Google Cloud · ハンズオン学習ガイド

4つのサービスを繋いで
保存権限処理通知
ひとつのパイプラインにする。

写真管理アプリ「Memories」を題材に、Cloud Storage・IAM・Cloud Functions・Pub/Sub を組み合わせたイベント駆動サーバーレス環境をゼロから構築します。各サービスを「定義 → なぜ使うか → 具体例 → コード → ベストプラクティス」の順で解説し、最後に Challenge Lab(GSP315)で統合します。

対象:初学者〜ジュニアエンジニア学習時間:約1時間15分+Lab 1時間最終更新:2026-07-01
01
Orientation

このガイドについて

1.1スコープに関する注記

Google Skills(旧 Google Cloud Skills Boost)の個別ラボページは、受講登録済みアカウントでのサインインが必須のため、ラボ ID 単位(/labs/592541/labs/592550)での本文取得はできません。そのため本ガイドは、以下の情報源を根拠として再構成しています。
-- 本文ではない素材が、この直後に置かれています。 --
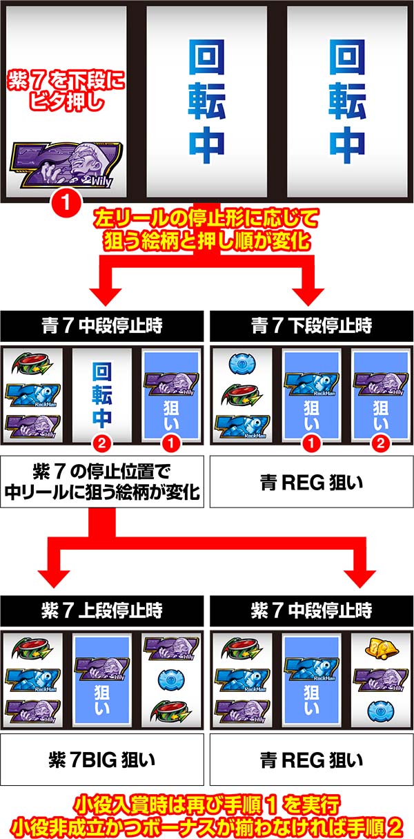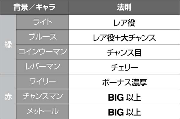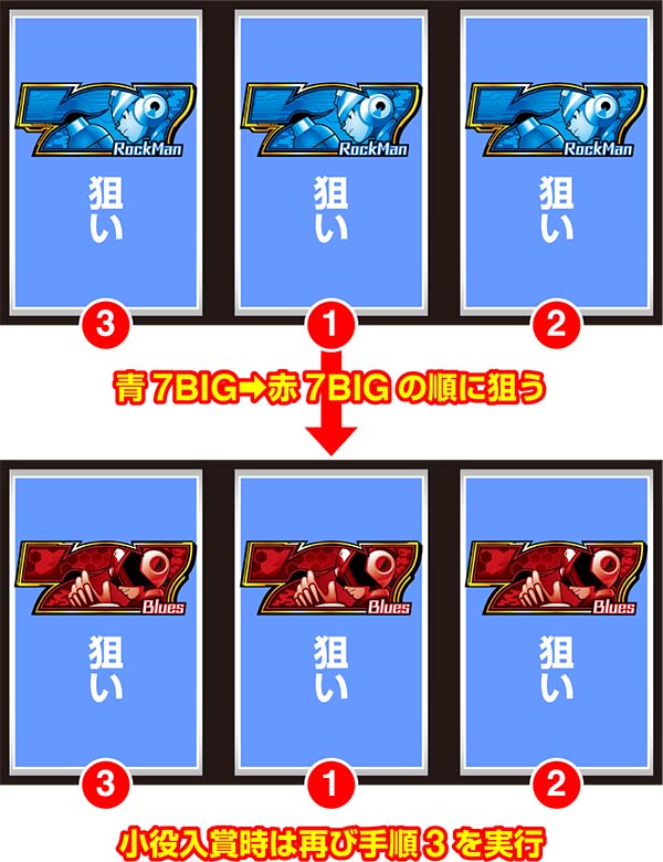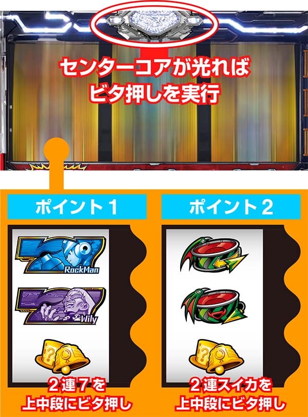 BIG・REGともにJACゲーム中以外は通常の小役狙いをおこない、JACゲーム中はセンターコアが発光した時のみビタ押しが必要となる。
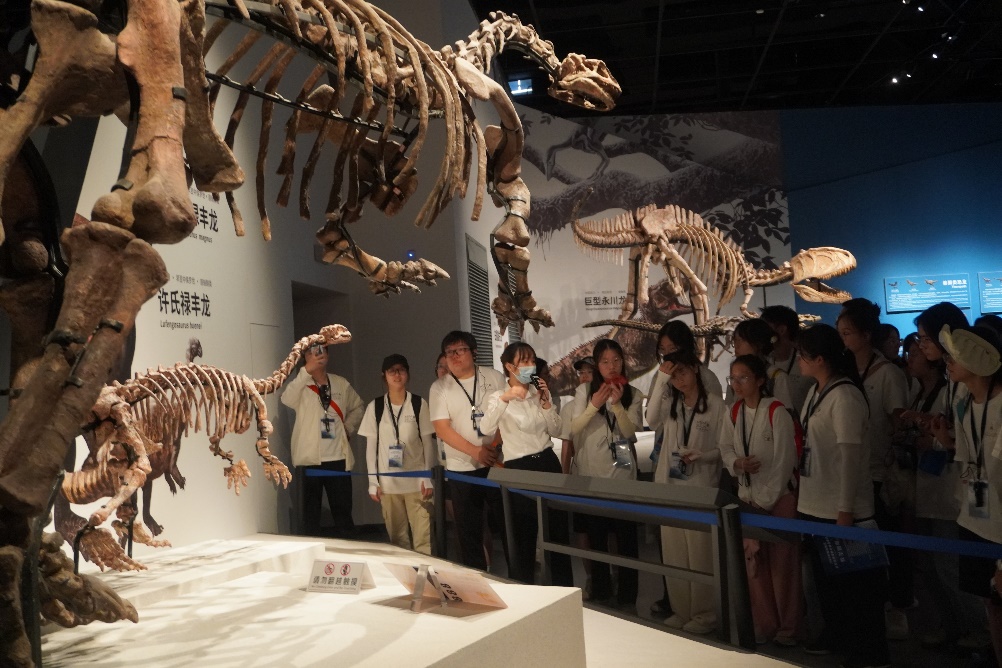 在成都期间,实习队在四川师范大学(狮子山校区)参加了“川渝高校地理科学联盟成立大会暨2023长江上游生态保护与乡村振兴论坛”;考察了成都自然博物馆矿产资源厅、龙行川渝厅、恐龙揭秘厅、生命探源厅、缤纷生命厅等各大展厅,从中认识川渝地区地球历史上的地质事件、岩石演化过程和地质作用对地质环境的影响。

  • コース course_templates/637公式コース概要に明記された技術スコープ:Cloud Storage、IAM、Cloud Functions、Pub/Sub
  • 本コース末尾の Challenge Lab(labs/592550)である GSP315 の公開シナリオ・タスク構成
  • 各サービスの Google Cloud 公式ドキュメント(ベストプラクティスページ)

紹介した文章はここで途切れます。